1. A single software point of control. This is called the “global STC.” All other implementation details should be as transparent as possible to software (usage of PVR offset, PCR offset, STC, etc.) This implies that the STC for audio and video decoders should match exactly.

2. Audio and video must be synchronized in time. The basic specification is to allow up to ± 20 ms of audiovisual disparity.

3. Audio and video decoders must present the same TSM interface and behave consistently. This means, for example, that if one decoder drops frames prior to receiving an initial STC in Broadcast mode, the other decoder should also do so. Similarly, if one decoder enters VSYNC mode during the same time period, then the other decoder should also.

4. Error concealment must be implemented. This means that the decoder and transport software/firmware/hardware should attempt to conceal errors in a way that meets all relevant compliance testing and in such a way that host/system software involvement is minimized.

5. VSYNC mode time must be minimized. This means that when time stamp management information is available, we should use it.

6. Audio PLLs must be locked to incoming streams and VCXOs/VECs.

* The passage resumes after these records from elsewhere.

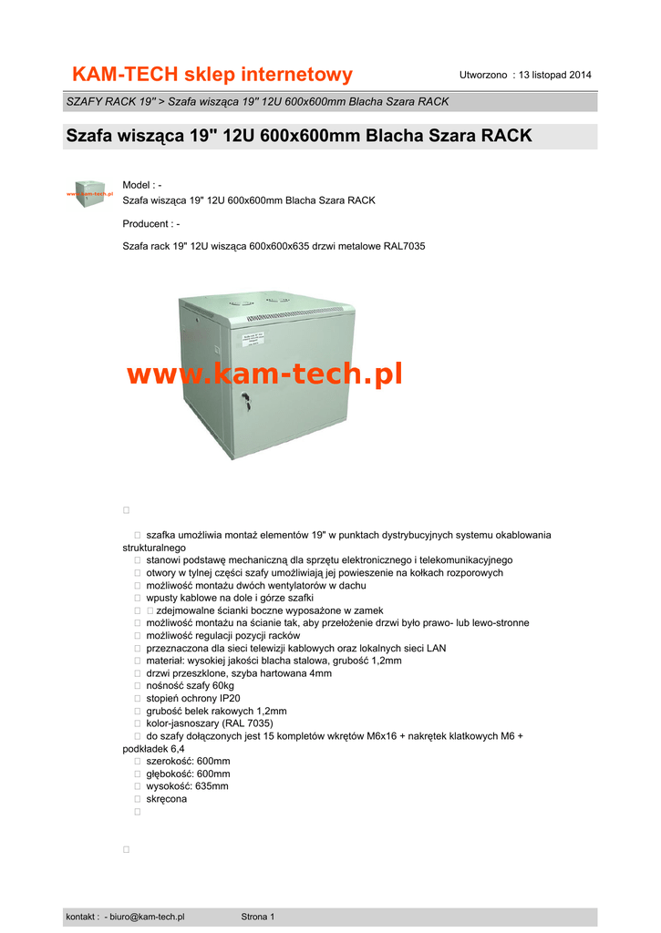 KAM-TECH sklep internetowy Utworzono : 13 listopad 2014 SZAFY RACK 19" > Szafa wisząca 19" 12U 600x600mm Blacha Szara RACK Szafa wisząca 19" 12U 600x600mm Blacha Szara RACK Model : Szafa wisząca 19" 12U 600x600mm Blacha Szara RACK Producent : Szafa rack 19" 12U wisząca 600x600x635 drzwi metalowe RAL7035 � � szafka umożliwia montaż elementów 19" w punktach dystrybucyjnych systemu okablowania strukturalnego � stanowi podstawę mechaniczną dla sprzętu elektronicznego i telekomunikacyjnego � otwory w tylnej części szafy umożliwiają jej powieszenie na kołkach rozporowych � możliwość montażu dwóch wentylatorów w dachu � wpusty kablowe na dole i górze szafki � �zdejmowalne ścianki boczne wyposażone w zamek � możliwość montażu na ścianie tak, aby przełożenie drzwi było prawo- lub lewo-stronne � możliwość regulacji pozycji racków � przeznaczona dla sieci telewizji kablowych oraz lokalnych sieci LAN � materiał: wysokiej jakości blacha stalowa, grubość 1,2mm � drzwi przeszklone, szyba hartowana 4mm � nośność szafy 60kg � stopień ochrony IP20 � grubość belek rakowych 1,2mm � kolor-jasnoszary (RAL 7035) � do szafy dołączonych jest 15 kompletów wkrętów M6x16 + nakrętek klatkowych M6 + podkładek 6,4 � szerokość: 600mm � głębokość: 600mm � wysokość: 635mm � skręcona � � kontakt : - [email protected] Strona 1 KAM-TECH sklep internetowy Utworzono : 13 listopad 2014 SZAFY RACK 19" > Szafa wisząca 19" 12U 600x600mm Blacha Szara RACK Szafa wisząca 19" 12U 600x600mm Blacha Szara RACK Cena : 756,45 zł Brutto ( 615,00 zł Netto) Dostępność: Produkt dostępny w naszym sklepie od 08 maj 2014 kontakt : - [email protected] Strona 2
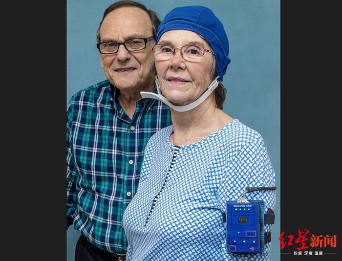 一名阿尔茨海默症患者在家属的陪伴下,穿戴着治疗设备接受试验时。图据《新闻周刊》
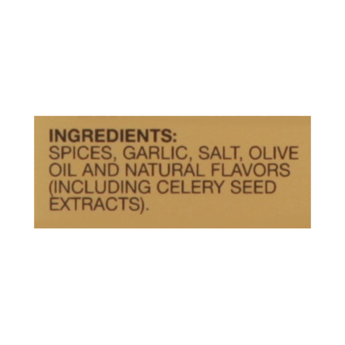 Spices, Garlic, Salt, Olive Oil and Natural Flavors (Including Celery Seed Extracts).
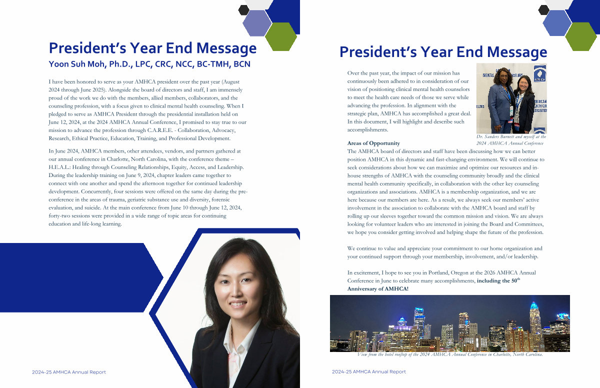 I have been honored to serve as your AMHCA president over the past year( August 2024 through June 2025). Alongside the board of directors and staff, I am immensely proud of the work we do with the members, allied members, collaborators, and the counseling profession, with a focus given to clinical mental health counseling. When I pledged to serve as AMHCA President through the presidential installation held on June 12, 2024, at the 2024 AMHCA Annual Conference, I promised to stay true to our mission to advance the profession through C. A. R. E. E.- Collaboration, Advocacy, Research, Ethical Practice, Education, Training, and Professional Development.

The decoder uses time stamps provided in the stream to control when a frame must be displayed (PTS) or decoded (DTS). These time stamps are compared to a running system clock – the STC. Because the decoder cannot always display or decode a frame exactly when the STC and PTS are equal, a small amount of latitude is given to the decoder. This latitude translates into a threshold, within which the decoder will take one action on a frame, and beyond which the decoder will take a different action.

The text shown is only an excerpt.